Entrevista:O Estado inteligente

sábado, setembro 10, 2005

André Petry Deixem Jeson em paz

VEJA

"Jeson virou a Geni de Franca.
Os adversários da eutanásia – religiosos
dogmáticos, em geral – não lhe deram
o direito sequer de pensar em voz alta"

Sou a favor da legalização da eutanásia. É uma louvável alternativa que o homem encontrou para morrer com dignidade, para evitar o suplício das dores vãs. Mesmo assim, mesmo defendendo que a eutanásia seja um direito disciplinado na lei brasileira, eu precisaria ser louco para apontar o dedo, atirar uma pedra ou escrever uma linha que fosse contra a atitude de Rosemara dos Santos Souza, a mãe de Jhéck Breener de Oliveira, que luta para impedir que seu filho seja submetido à eutanásia. O pequeno Jhéck, 4 anos, está num leito de UTI, vítima de uma doença degenerativa irreversível. Já perdeu a fala, a visão, o movimento dos braços e pernas, alimenta-se por meio de sonda e respira com ajuda de aparelhos. A luta de Rosemara merece respeito e, onde quer que ela apareça, assim tem sido. A luta de Jeson de Oliveira, o pai de Jhéck, também deveria ser respeitada. Mas é nesse ponto que a história se complica.

Jeson queria pedir à Justiça que seu filho fosse submetido à eutanásia. Ele não suporta ver o filho preso a uma cama, inerte, morto para a vida, sem andar de bicicleta, tomar um sorvete, apontar para a Lua, desenhar um elefante, bater palmas, sorrir. E o que se fez com esse pobre homem? Não lhe deram uma lasca de respeito. Jeson foi hostilizado, xingado, difamado. Foi acusado de assassino, de querer matar o próprio filho! Jeson pensou até em se mudar de Franca, a cidade paulista onde mora e onde seu filho está internado, porque já não podia caminhar na rua em paz. Ceifaram-lhe o direito de ir à Justiça. Questionaram-lhe até a sanidade mental, sugerindo que procurasse tratamento psiquiátrico – forma maliciosa de sugerir que a eutanásia é coisa de gente mentalmente perturbada. Jeson, afinal, desistiu de tentar a eutanásia do filho. "Desisto oficial e definitivamente. Quero dar chances à mãe e estou entregando meu filho a Deus", disse ele, numa entrevista, na véspera do feriado de 7 de setembro. O pai de Jhéck, claro, tem todo o direito de mudar de idéia (e, pessoalmente, saúdo que tenha conseguido dominar seu sofrimento para ceder à vontade da mãe de Jhéck).

O dado repugnante é a intolerância da qual foi vítima. Jeson virou a Geni de Franca, só faltou ser apedrejado nas ruas. Os adversários da eutanásia – religiosos dogmáticos, em geral – não lhe deram o direito sequer de pensar em voz alta.

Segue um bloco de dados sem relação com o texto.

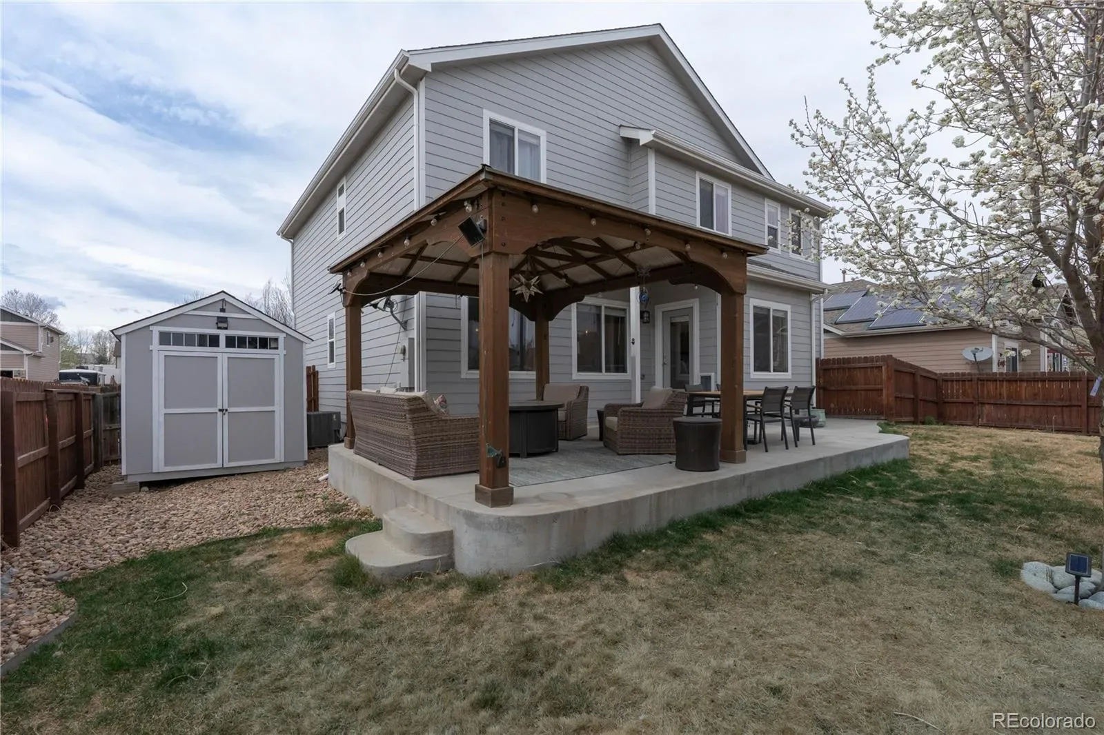 Outside, the backyard is both functional and inviting, featuring a concrete patio, gazebo, storage shed, and of course a dog door – perfect for enjoying Colorado evenings and creating your own outdoor oasis. The extended RV/boat parking area is 75 feet long and features a 30 amp plug in. Park your trailers, toys, or additional vehicles! A new roof in 2018 and new water heater in 2026 adds peace of mind. Kitchen appliances are a year old.

É coisa própria das mentalidades entrevadas, dos que se sentem ungidos por forças superiores, dos que cevam suas idéias como se fossem bens supremos, perfeitos, inatacáveis. É fruto dessa intolerância, dessa supremacia auto-atribuída, a postura da Igreja Católica de sempre pressionar (na eutanásia, no aborto, no casamento gay, nas pesquisas com células-tronco embrionárias) para que todos os brasileiros, católicos ou não, vivam segundo os preceitos da própria Igreja. É uma espécie de fascismo divinizado.

Aos religiosos dogmáticos e intolerantes em geral, aos que sacralizam suas idéias e acham que sabem tudo da vida e do sofrimento, aqui vai um apelo: deixem Jeson em paz! Ele já sofre o bastante com um filho que perdeu a liberdade de viver para tornar-se um prisioneiro da vida. A eutanásia, caros intolerantes, pode ser, sim, um ato de amor.